Goal of the exercise: The output should be the listing below, limited to the lines from the one with "0867 liumingkang@smm.cn |" through the one with "This Elegant Table", exact and without pictures.

Extracted information:

# # # # #

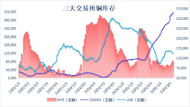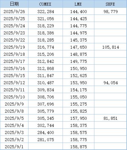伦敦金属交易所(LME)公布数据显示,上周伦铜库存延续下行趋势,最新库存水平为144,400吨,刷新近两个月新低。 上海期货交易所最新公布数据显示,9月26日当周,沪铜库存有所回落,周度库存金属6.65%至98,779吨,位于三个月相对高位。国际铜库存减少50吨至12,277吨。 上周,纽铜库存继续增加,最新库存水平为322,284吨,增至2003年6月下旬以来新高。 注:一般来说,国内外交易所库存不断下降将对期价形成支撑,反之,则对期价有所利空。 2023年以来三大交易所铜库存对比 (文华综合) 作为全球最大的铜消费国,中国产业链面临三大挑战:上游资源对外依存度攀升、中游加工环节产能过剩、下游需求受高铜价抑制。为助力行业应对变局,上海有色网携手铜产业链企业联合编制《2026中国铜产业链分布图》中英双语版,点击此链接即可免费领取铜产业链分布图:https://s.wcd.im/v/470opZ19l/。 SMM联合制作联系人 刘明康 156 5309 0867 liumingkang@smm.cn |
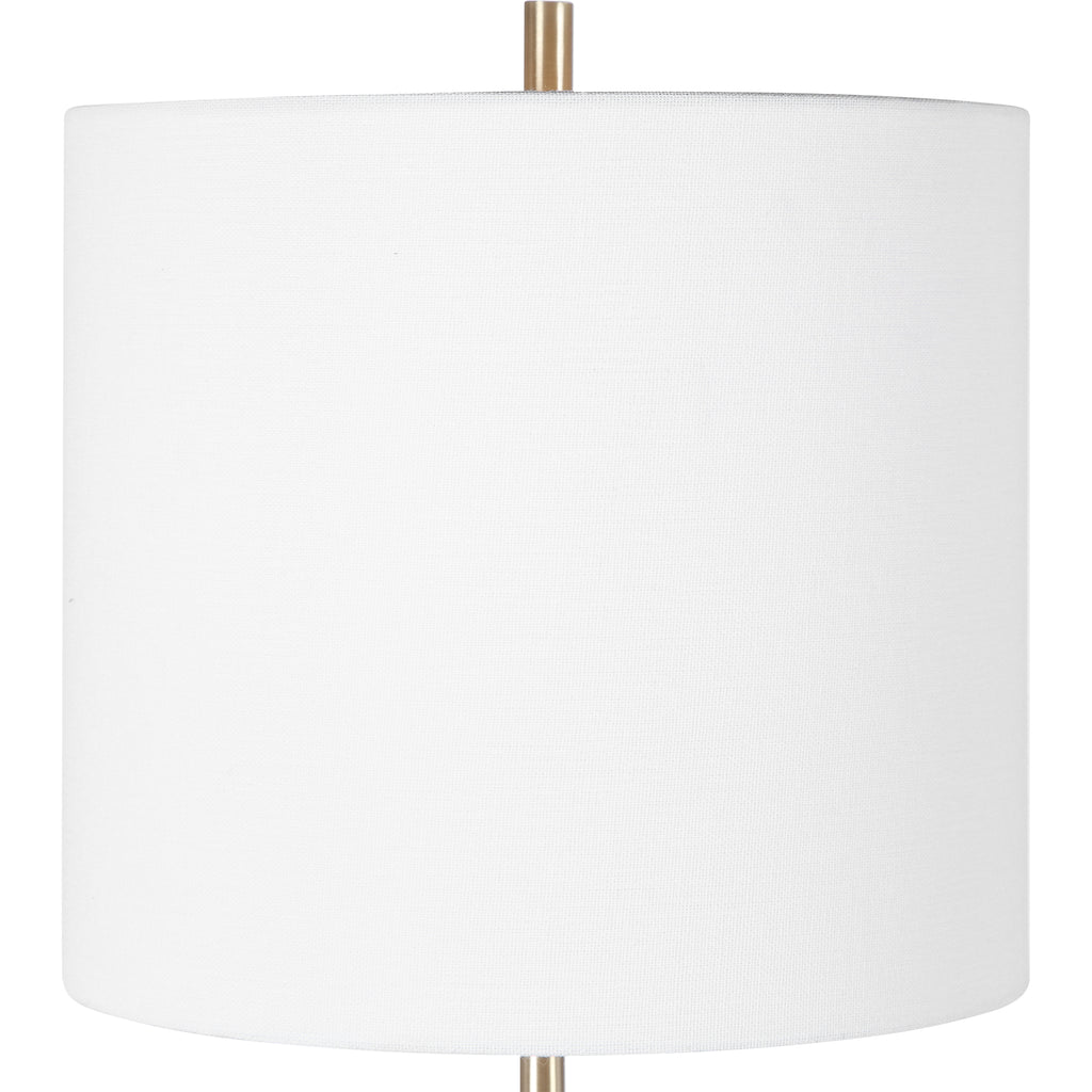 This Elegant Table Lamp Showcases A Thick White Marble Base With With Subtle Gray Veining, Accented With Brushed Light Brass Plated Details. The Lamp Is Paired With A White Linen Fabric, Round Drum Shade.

# # # # #

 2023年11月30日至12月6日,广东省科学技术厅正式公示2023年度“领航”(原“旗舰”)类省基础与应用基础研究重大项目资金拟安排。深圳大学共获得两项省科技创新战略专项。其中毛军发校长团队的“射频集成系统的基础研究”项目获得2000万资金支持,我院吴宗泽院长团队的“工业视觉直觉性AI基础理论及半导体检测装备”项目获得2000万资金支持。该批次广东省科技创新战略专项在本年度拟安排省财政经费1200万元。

# # # # #

Result of the task:
伦敦金属交易所(LME)公布数据显示,上周伦铜库存延续下行趋势,最新库存水平为144,400吨,刷新近两个月新低。 上海期货交易所最新公布数据显示,9月26日当周,沪铜库存有所回落,周度库存金属6.65%至98,779吨,位于三个月相对高位。国际铜库存减少50吨至12,277吨。 上周,纽铜库存继续增加,最新库存水平为322,284吨,增至2003年6月下旬以来新高。 注:一般来说,国内外交易所库存不断下降将对期价形成支撑,反之,则对期价有所利空。 2023年以来三大交易所铜库存对比 (文华综合) 作为全球最大的铜消费国,中国产业链面临三大挑战:上游资源对外依存度攀升、中游加工环节产能过剩、下游需求受高铜价抑制。为助力行业应对变局,上海有色网携手铜产业链企业联合编制《2026中国铜产业链分布图》中英双语版,点击此链接即可免费领取铜产业链分布图:https://s.wcd.im/v/470opZ19l/。 SMM联合制作联系人 刘明康 156 5309 0867 liumingkang@smm.cn |
 This Elegant Table Lamp Showcases A Thick White Marble Base With With Subtle Gray Veining, Accented With Brushed Light Brass Plated Details. The Lamp Is Paired With A White Linen Fabric, Round Drum Shade.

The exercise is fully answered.